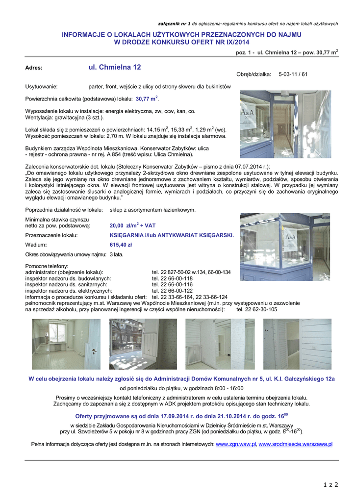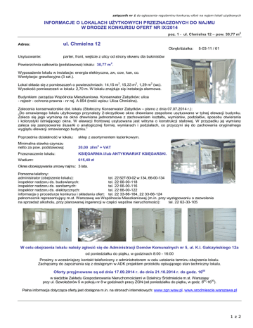 załącznik nr 1 do ogłoszenia-regulaminu konkursu ofert na najem lokali użytkowych INFORMACJE O LOKALACH UŻYTKOWYCH PRZEZNACZONYCH DO NAJMU W DRODZE KONKURSU OFERT NR IX/2014 poz. 1 - ul. Chmielna 12 – pow. 30,77 m 2 ul. Chmielna 12 Adres: Obręb/działka: Usytuowanie: 5-03-11 / 61 parter, front, wejście z ulicy od strony skweru dla bukinistów 2 Powierzchnia całkowita (podstawowa) lokalu: 30,77 m . Wyposażenie lokalu w instalacje: energia elektryczna, zw, ccw, kan, co. Wentylacja: grawitacyjna (3 szt.). 2 2 2 Lokal składa się z pomieszczeń o powierzchniach: 14,15 m , 15,33 m , 1,29 m (wc). Wysokość pomieszczeń w lokalu: 2,70 m. W lokalu znajduje się instalacja alarmowa. Budynkiem zarządza Wspólnota Mieszkaniowa. Konserwator Zabytków: ulica - rejestr - ochrona prawna - nr rej. A 854 (treść wpisu: Ulica Chmielna). Zalecenia konserwatorskie dot. lokalu (Stołeczny Konserwator Zabytków – pismo z dnia 07.07.2014 r.): „Do omawianego lokalu użytkowego przynależy 2-skrzydłowe okno drewniane zespolone usytuowane w tylnej elewacji budynku. Zaleca się jego wymianę na okno drewniane jednoramowe z zachowaniem kształtu, wymiarów, podziałów, sposobu otwierania i kolorystyki istniejącego okna. W elewacji frontowej usytuowana jest witryna o konstrukcji stalowej. W przypadku jej wymiany zaleca się zastosowanie ślusarki o analogicznej formie, wymiarach i podziałach, co przyczyni się do zachowania oryginalnego wyglądu elewacji omawianego budynku.” Poprzednia działalność w lokalu: sklep z asortymentem łazienkowym. Minimalna stawka czynszu netto za pow. podstawową: 20,00 zł/m + VAT Przeznaczenie lokalu: KSIĘGARNIA i/lub ANTYKWARIAT KSIĘGARSKI. Wadium: 615,40 zł 2 Okres obowiązywania umowy najmu: 3 lata. Pomocne telefony: administrator (obejrzenie lokalu): tel. 22 827-50-02 w.134, 66-00-134 inspektor nadzoru ds. budowlanych: tel. 22 66-00-118 inspektor nadzoru ds. sanitarnych: tel. 22 66-00-116 inspektor nadzoru ds. elektrycznych: tel. 22 66-00-122 informacja o procedurze konkursu i składaniu ofert: tel. 22 33-66-164, 22 33-66-124 pełnomocnik reprezentujący m.st. Warszawę we Wspólnocie Mieszkaniowej (m.in. przy występowaniu o zezwolenie na sprzedaż alkoholu, przy planowanej ingerencji w części wspólne nieruchomości): tel. 22 62-30-105 W celu obejrzenia lokalu należy zgłosić się do Administracji Domów Komunalnych nr 5, ul. K.I. Gałczyńskiego 12a od poniedziałku do piątku, w godzinach 8:00 - 16:00 Prosimy o wcześniejszy kontakt telefoniczny z administratorem w celu ustalenia terminu obejrzenia lokalu. Zachęcamy do zapoznania się z dostępnym w ADK projektem protokółu opisującego stan techniczny lokalu. Oferty przyjmowane są od dnia 17.09.2014 r. do dnia 21.10.2014 r. do godz. 1600 w siedzibie Zakładu Gospodarowania Nieruchomościami w Dzielnicy Śródmieście m.st. Warszawy 00 00 przy ul. Szwoleżerów 5 w pokoju nr 8 w godzinach pracy ZGN (od poniedziałku do piątku, w godz. 8 -16 ). Pełna informacja dotycząca oferty jest dostępna m.in. na stronach internetowych: www.zgn.waw.pl, www.srodmiescie.warszawa.pl 1z2 załącznik nr 1 do ogłoszenia-regulaminu konkursu ofert na najem lokali użytkowych INFORMACJE O LOKALACH UŻYTKOWYCH PRZEZNACZONYCH DO NAJMU W DRODZE KONKURSU OFERT NR IX/2014 poz. 2 - ul. Złota 11 – pow. 90,54 m Adres: ul. Złota 11 Usytuowanie: parter, piwnica, front, wejście od strony ul. Złotej 2 Obręb/działka: 5-03-10 / 59, 63 Wyposażenie lokalu w instalacje: energia elektryczna, co, zw, kan. Wentylacja: grawitacyjna. Powierzchnia całkowita lokalu: 90,54 m 2 2 Powierzchnia podstawowa lokalu: 4,61 m 2 Powierzchnia dodatkowa lokalu: 85,93 m Minimalna stawka czynszu netto: - za pow. podstawową: - za pow. dodatkową: 2 1,00 zł/m + VAT 2 1,00 zł/m + VAT Najemca oprócz stawki czynszu będzie pokrywał opłaty niezależne od Wynajmującego (tzw. „opłaty za media”). Zakład Gospodarowania Nieruchomościami w Dzielnicy Śródmieście m.st. Warszawy będzie pokrywał rzeczywiste koszty utrzymania 2 m nieruchomości, w której znajduje się szalet publiczny tj.: zaliczek na fundusz eksploatacyjny i fundusz remontowy oraz kosztów utrzymania jednostki. Lokal składa się z pomieszczeń o powierzchniach: 2 PARTER – 4,61 m , 2 2 2 2 2 2 PIWNICA – 4,88 m , 8,21 m , 2,09 m , 4,17 m , 25,31 m , 3,36 m , 2 2 2 2 2 4,56 m , 8,57 m , 8,12 m , 14,77 m , 1,89 m . Wysokość pomieszczeń w lokalu: od 2,47 m do 3,20 m. Budynkiem zarządza Wspólnota Mieszkaniowa. Poprzednia działalność w lokalu: szalet. Przeznaczenie lokalu: SZALET. Wadium: 90,54 zł Okres obowiązywania umowy najmu: 3 lata ( z możliwością rozwiązania umowy w terminie 30 dni ). Pomocne telefony: administrator (obejrzenie lokalu): tel. 22 66-00-136 inspektor nadzoru ds. budowlanych: tel. 22 66-00-118 inspektor nadzoru ds. sanitarnych: tel. 22 66-00-116 inspektor nadzoru ds. elektrycznych: tel. 22 66-00-122 informacja o procedurze konkursu i składaniu ofert: tel. 22 33-66-164, 22 33-66-124 pełnomocnik reprezentujący m.st. Warszawę we Wspólnocie Mieszkaniowej (m.in. przy występowaniu o zezwolenie na sprzedaż alkoholu, przy planowanej ingerencji w części wspólne nieruchomości): tel. 22 62-30-108 W celu obejrzenia lokalu należy zgłosić się do Administracji Domów Komunalnych nr 5, ul. K.I. Gałczyńskiego 12a od poniedziałku do piątku, w godzinach 8:00 - 16:00 Prosimy o wcześniejszy kontakt telefoniczny z administratorem w celu ustalenia terminu obejrzenia lokalu. Zachęcamy do zapoznania się z dostępnym w ADK projektem protokółu opisującego stan techniczny lokalu. Oferty przyjmowane są od dnia 17.09.2014 r. do dnia 21.10.2014 r. do godz. 1600 w siedzibie Zakładu Gospodarowania Nieruchomościami w Dzielnicy Śródmieście m.st. Warszawy 00 00 przy ul. Szwoleżerów 5 w pokoju nr 8 w godzinach pracy ZGN (od poniedziałku do piątku, w godz. 8 -16 ). Pełna informacja dotycząca oferty jest dostępna m.in. na stronach inter
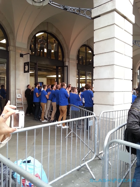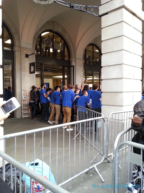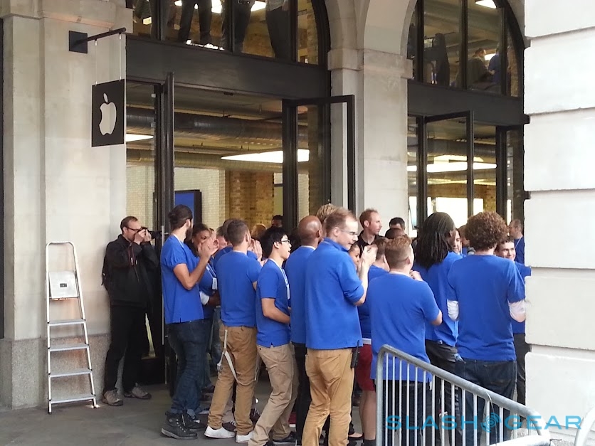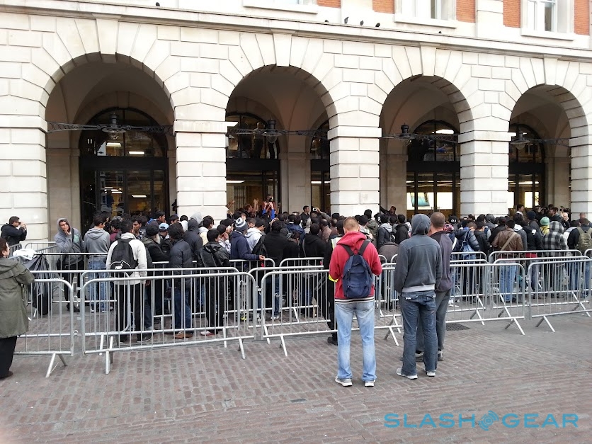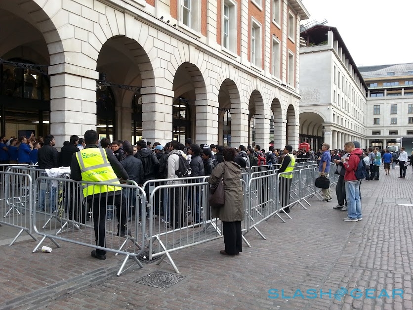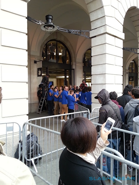In London, the queue outside of Apple's Covent Garden store had been split into two to make it more manageable, with security guards and fencing to corral shoppers through to a cheering phalanx of Apple Store staff. Those waiting were allowed through in small groups, each punctuated by applause, to spend £529 or upward on an unlocked iPhone 5.
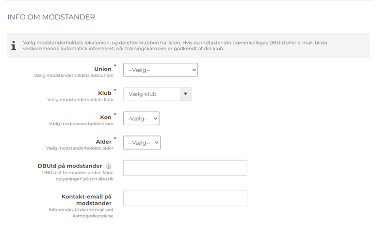 Klubben kan dog vælge at indsnævre feltet, ved kun at tilbyde muligheden til 'Træningskampoprettere'. Alle træningskampe skal godkendes i KlubOffice, før de er endeligt oprettet.
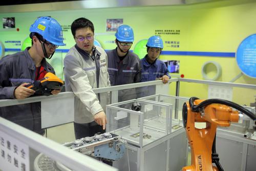 劉云清在機(jī)器人智能模擬線做培訓(xùn) 楊登峰攝

::::::::

Write out, word for word, the lines running from the one containing "Klubben kan dog" to the end of the data above; the pictures are to be left out.

Solved exercise
 Klubben kan dog vælge at indsnævre feltet, ved kun at tilbyde muligheden til 'Træningskampoprettere'. Alle træningskampe skal godkendes i KlubOffice, før de er endeligt oprettet.
 劉云清在機(jī)器人智能模擬線做培訓(xùn) 楊登峰攝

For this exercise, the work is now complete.